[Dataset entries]
* * * *

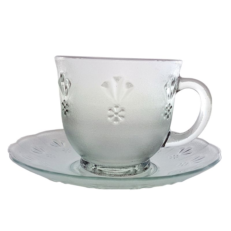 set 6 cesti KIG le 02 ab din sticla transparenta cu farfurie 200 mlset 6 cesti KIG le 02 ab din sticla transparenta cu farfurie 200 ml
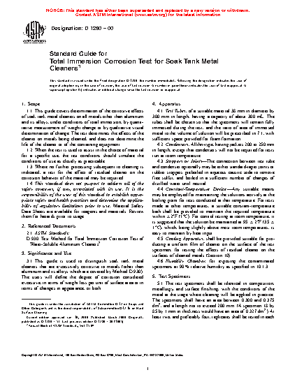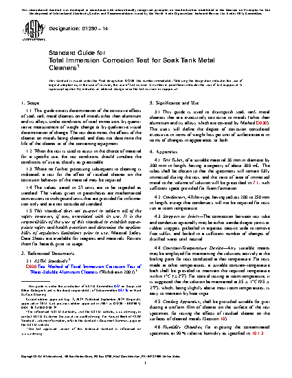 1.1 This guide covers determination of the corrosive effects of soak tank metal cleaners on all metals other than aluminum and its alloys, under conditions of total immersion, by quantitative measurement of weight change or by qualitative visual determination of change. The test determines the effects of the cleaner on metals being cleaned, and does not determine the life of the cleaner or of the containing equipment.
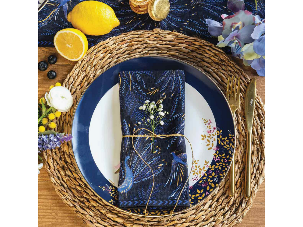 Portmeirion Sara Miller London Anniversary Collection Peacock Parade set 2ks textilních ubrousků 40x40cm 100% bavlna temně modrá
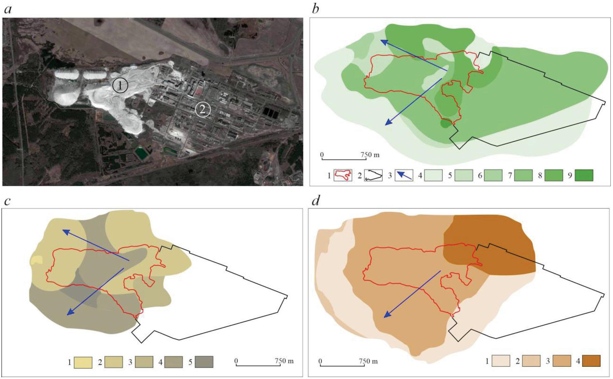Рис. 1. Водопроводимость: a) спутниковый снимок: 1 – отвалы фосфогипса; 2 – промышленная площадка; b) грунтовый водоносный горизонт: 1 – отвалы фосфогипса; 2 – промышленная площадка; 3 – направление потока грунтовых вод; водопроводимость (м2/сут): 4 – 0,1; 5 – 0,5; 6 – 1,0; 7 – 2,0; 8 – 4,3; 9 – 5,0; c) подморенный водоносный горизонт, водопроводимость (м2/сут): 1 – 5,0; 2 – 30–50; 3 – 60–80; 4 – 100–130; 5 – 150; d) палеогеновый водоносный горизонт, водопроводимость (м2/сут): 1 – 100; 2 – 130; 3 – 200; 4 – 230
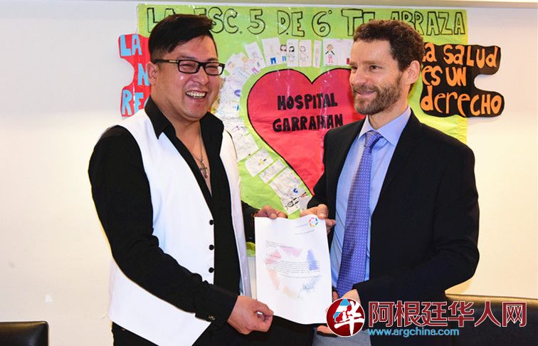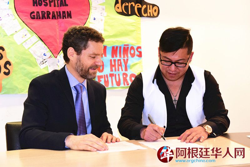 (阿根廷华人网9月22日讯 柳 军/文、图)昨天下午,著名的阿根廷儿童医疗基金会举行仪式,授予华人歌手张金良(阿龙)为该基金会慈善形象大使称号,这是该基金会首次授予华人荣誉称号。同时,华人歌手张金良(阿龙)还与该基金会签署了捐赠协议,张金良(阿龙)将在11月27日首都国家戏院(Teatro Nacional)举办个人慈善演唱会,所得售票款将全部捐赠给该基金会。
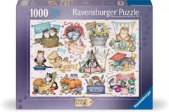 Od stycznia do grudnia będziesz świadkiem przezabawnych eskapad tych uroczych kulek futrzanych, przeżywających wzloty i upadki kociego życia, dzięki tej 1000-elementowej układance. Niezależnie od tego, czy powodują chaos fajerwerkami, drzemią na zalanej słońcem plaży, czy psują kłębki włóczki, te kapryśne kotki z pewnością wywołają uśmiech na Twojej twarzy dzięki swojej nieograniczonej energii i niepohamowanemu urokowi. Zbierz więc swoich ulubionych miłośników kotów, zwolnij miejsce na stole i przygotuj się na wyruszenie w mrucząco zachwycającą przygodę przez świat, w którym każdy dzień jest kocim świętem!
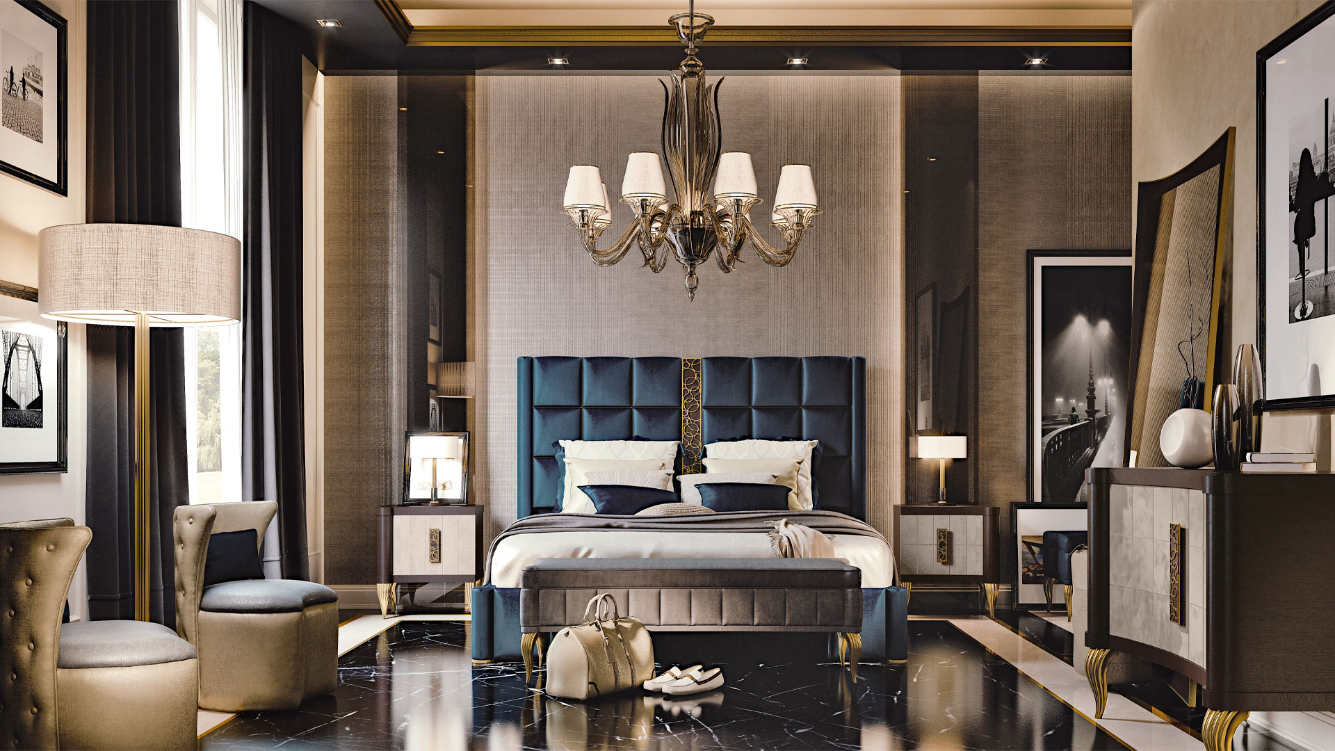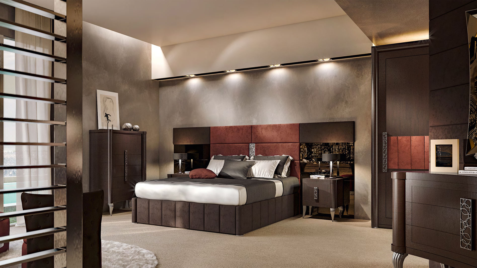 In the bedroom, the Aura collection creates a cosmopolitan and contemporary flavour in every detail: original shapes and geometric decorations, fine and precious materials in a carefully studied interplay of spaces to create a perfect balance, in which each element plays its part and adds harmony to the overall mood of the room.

* * * *

● Task details: Set down exactly the lines from the start of the records through the line containing "Od stycznia do", both included, and omit the pictures.

● Exercise solution:
 set 6 cesti KIG le 02 ab din sticla transparenta cu farfurie 200 mlset 6 cesti KIG le 02 ab din sticla transparenta cu farfurie 200 ml
 1.1 This guide covers determination of the corrosive effects of soak tank metal cleaners on all metals other than aluminum and its alloys, under conditions of total immersion, by quantitative measurement of weight change or by qualitative visual determination of change. The test determines the effects of the cleaner on metals being cleaned, and does not determine the life of the cleaner or of the containing equipment.
 Portmeirion Sara Miller London Anniversary Collection Peacock Parade set 2ks textilních ubrousků 40x40cm 100% bavlna temně modrá
Рис. 1. Водопроводимость: a) спутниковый снимок: 1 – отвалы фосфогипса; 2 – промышленная площадка; b) грунтовый водоносный горизонт: 1 – отвалы фосфогипса; 2 – промышленная площадка; 3 – направление потока грунтовых вод; водопроводимость (м2/сут): 4 – 0,1; 5 – 0,5; 6 – 1,0; 7 – 2,0; 8 – 4,3; 9 – 5,0; c) подморенный водоносный горизонт, водопроводимость (м2/сут): 1 – 5,0; 2 – 30–50; 3 – 60–80; 4 – 100–130; 5 – 150; d) палеогеновый водоносный горизонт, водопроводимость (м2/сут): 1 – 100; 2 – 130; 3 – 200; 4 – 230
 (阿根廷华人网9月22日讯 柳 军/文、图)昨天下午,著名的阿根廷儿童医疗基金会举行仪式,授予华人歌手张金良(阿龙)为该基金会慈善形象大使称号,这是该基金会首次授予华人荣誉称号。同时,华人歌手张金良(阿龙)还与该基金会签署了捐赠协议,张金良(阿龙)将在11月27日首都国家戏院(Teatro Nacional)举办个人慈善演唱会,所得售票款将全部捐赠给该基金会。
 Od stycznia do grudnia będziesz świadkiem przezabawnych eskapad tych uroczych kulek futrzanych, przeżywających wzloty i upadki kociego życia, dzięki tej 1000-elementowej układance. Niezależnie od tego, czy powodują chaos fajerwerkami, drzemią na zalanej słońcem plaży, czy psują kłębki włóczki, te kapryśne kotki z pewnością wywołają uśmiech na Twojej twarzy dzięki swojej nieograniczonej energii i niepohamowanemu urokowi. Zbierz więc swoich ulubionych miłośników kotów, zwolnij miejsce na stole i przygotuj się na wyruszenie w mrucząco zachwycającą przygodę przez świat, w którym każdy dzień jest kocim świętem!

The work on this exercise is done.